8 “Catch-up” Option. Under this option, an employer continues providing coverage during FMLA leave. The catch-up option may be the sole option offered by the employer only if it is the sole option offered to employees on unpaid non-FMLA leave.
9 In general, the employer and the employee must agree in advance that (1) coverage will continue during the FMLA leave, (2) the employer assumes responsibility for the payment of employee’s portion of the health care costs during the FMLA leave, and (3) the employee will repay such amounts when he returns from FMLA leave.

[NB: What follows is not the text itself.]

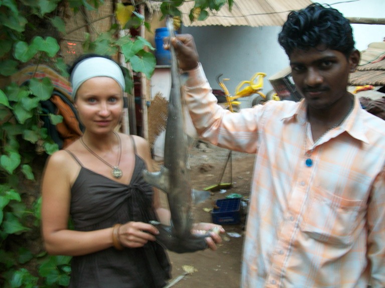 По поводу южного Гоа, в прошлом году на тамошнем Черепашьем месте, в кафе у Сантоша (Galgibaga), что-то подобное, но грамм на 100 меньше этих, составляла 120 рупий за штуку (правда, с церемонией выбора жертвы из всего улова, изменение цвета бедного существа в красный и с ритуальным танцом от владельца шека с деревянной киянкой в руках). В этом году за исполнение концерта он хочет уже 150. За 50 рупий он же готов на менее феерическое шоу с участниками весом до 250-300 грамм.
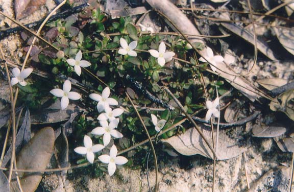 Low creeping plants. The Small flowers have four white petals, with yellow colored central areas. Abundant along south edge of burn area.

Planning Point: Many states have developed their own state-level paid family and medical leave programs (PFML programs). That raised questions over how these programs are treated for federal and employment tax purposes. The IRS clarified that employer contributions to state PFML programs are excluded from employees' income and not subject to FICA, FUTA or federal tax withholding. Employer contributions are treated as after-tax contributions. However, if the employer makes the employee's required contribution on their behalf, that contribution is included in the employee's compensation and subject to FICA, FUTA and federal tax withholding. When employees receive benefits under state PFML programs, they are treated as compensation to the extent they are designed to replace the employee's wages (unless the amounts qualify for exclusion based on the rules governing accident and health plans, meaning that they're paid for medical reasons). Importantly, the tax treatment of benefits will vary depending on whether they are paid for family or medical reasons.10 Employer’s Right of Recoupment. An employer is not required to continue the coverage of an employee on FMLA leave who fails to make the required premium payments when due. But if the employer
does continue coverage, the employer is entitled to recoup the missed payments under the “catch-up” option, without the employee’s prior agreement.
11 Health FSAs. Health FSAs are generally subject to the same payment rules as traditional cafeteria plans.
12 The regulations do not make clear whether the employer’s right of recoupment, discussed above, applies to health FSAs. If so, it would appear to represent a significant departure from the general risk-shifting rule applicable to health FSAs.
1. Treas. Reg. § 1.125-3, A-3(b).
2. Treas. Reg. § 1.125-3, A-2.
3. Treas. Reg. § 1.125-3, A-3(a).
4. Treas. Reg. § 1.125-3, A-4.
5. Treas. Reg. § 1.125-3, A-5.
6. Treas. Reg. § 1.125-3(a)(1)(i).
7. Treas. Reg. § 1.125-3, A-3(b)(1).
8. Treas. Reg. § 1.125-3, A-3.
9. Treas. Reg. § 1.125-3, A-3.
10.
Rev. Rul. 2025-4. 11. Treas. Reg. § 1.125-3, A-3(a).
12. Treas. Reg. § 1.125-3, A-6(a)(1).